A critical evaluation of the prominent causes of Hurricane Katrina intended to put forth the details as to how this tropical depression festered into a full-fledged Category 5 Hurricane, and caused such wide-scale destruction in the United States.
Devastating hurricanes are no strangers to the Atlantic Ocean; and a devastating hurricane like Hurricane Katrina featuring in the list of strongest Atlantic hurricanes at the sixth position speaks in volumes about this fact. As with all the other cases of tropical storms in the Atlantic, even Hurricane Katrina started off as a minor disturbance in the pressure system, and eventually grew into one of the worst natural disasters that the planet was ever subjected to as it came across conditions favorable for its development.
Hurricane – as defined by the National Oceanic and Atmospheric Administration (NOAA), is a violent tropical storm which forms in the tropical waters when favorable conditions occur at any given point of time. These favorable conditions which lay the foundation of a hurricane includes a prevailing thunderstorm, warm ocean water, low pressure area, atmospheric moisture, trade winds and the Coriolis force. All these factors occurring simultaneously is no short of a perfect recipe for disaster. It is often accompanied by heavy rains and winds moving at a speed of 73-136 knots which makes it all the more devastating. As we mentioned earlier, the formation of a hurricane begins with a thunderstorm. As the warm air over ocean surface mixes with warm air in thunderstorm it starts rising in the atmosphere. This – in turn, forms a low pressure area in this region – which eventually becomes the eye of the hurricane. As the trade winds – which move in opposite direction, come in contact with this low pressure area the entire mass of air is set rolling in a circular motion. As warm air continues to rise, the rotating air mass pulls in the cold air from the surroundings. Cold air being relatively heavy sinks at the bottom initially, and eventually starts ascending as it becomes warm. Basically, warm air acts as a fuel and helps the storm formation to fester into a full-fledged hurricane.

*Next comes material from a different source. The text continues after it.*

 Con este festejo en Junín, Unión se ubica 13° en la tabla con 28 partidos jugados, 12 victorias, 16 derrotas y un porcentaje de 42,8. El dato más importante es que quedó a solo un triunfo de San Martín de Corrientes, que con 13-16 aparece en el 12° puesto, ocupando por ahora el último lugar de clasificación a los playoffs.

Causes of Hurricane Katrina
Hurricane Katrina began as a ‘tropical depression’ off the Bahamas coast on 23rd August, 2005. As the conditions in this region were favorable for tropical cyclogenesis – i.e. the development and strengthening of tropical cyclone, this tropical depression intensified and became a tropical storm on 24th August. (This was the moment when it was named Hurricane Katrina.) On 25th August, the storm system grew into a full-fledged hurricane and made its first landfall in Florida at 2230 UTC – with the winds blowing at the speed of 80 mph. Winds continued to blow at this speed as the system passed over Florida, and weakened considerably over the next 24 hours to become a tropical storm on 26th August, 2005.

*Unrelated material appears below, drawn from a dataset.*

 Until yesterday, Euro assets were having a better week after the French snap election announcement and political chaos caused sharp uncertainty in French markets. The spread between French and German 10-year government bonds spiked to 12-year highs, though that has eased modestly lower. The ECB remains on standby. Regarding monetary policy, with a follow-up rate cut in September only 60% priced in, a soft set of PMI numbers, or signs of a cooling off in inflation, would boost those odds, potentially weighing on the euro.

When this tropical storm entered the Gulf of Mexico (as shown in the satellite image above), it was once again subjected to favorable conditions in the form of the warm sea surface temperatures of the Gulf Loop Current. This helped it regain the hurricane status at 0600 UTC on 27th August. It was eventually upgraded to a Category 3 Hurricane on 27th August, and Category 4 Hurricane on 28th August. As it continued to intensify, it was upgraded to a Category 5 Hurricane – the worst of the lot, on the same day. The second landfall of Hurricane Katrina came as it hit Louisiana as a Category 3 Hurricane on 29th August. Eventually, the third landfall came after a few hours of second landfall near the Louisiana-Mississippi border. Katrina maintained its hurricane status when it entered Mississippi, but started fading off as it continued on the land – only to break up into two and finally die off on 30th August, 2005.

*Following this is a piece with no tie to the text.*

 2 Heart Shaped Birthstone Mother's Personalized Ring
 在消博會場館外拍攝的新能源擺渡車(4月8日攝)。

Even before the meteorologists could determine the exact causes of this hurricane, and direct the authorities to take necessary precautions, it swept through this region killing 1,836 people and damaging property amounting to US$81 billion. The prediction that it would move north after the first landfall (which didn’t come true), and the fact that it unexpectedly regained strength in the Gulf of Mexico, were cited as the main reasons for widespread destruction. Whether this clarification served the purpose or not is a debatable question, but Katrina did prove that nature will always be a step ahead of mankind.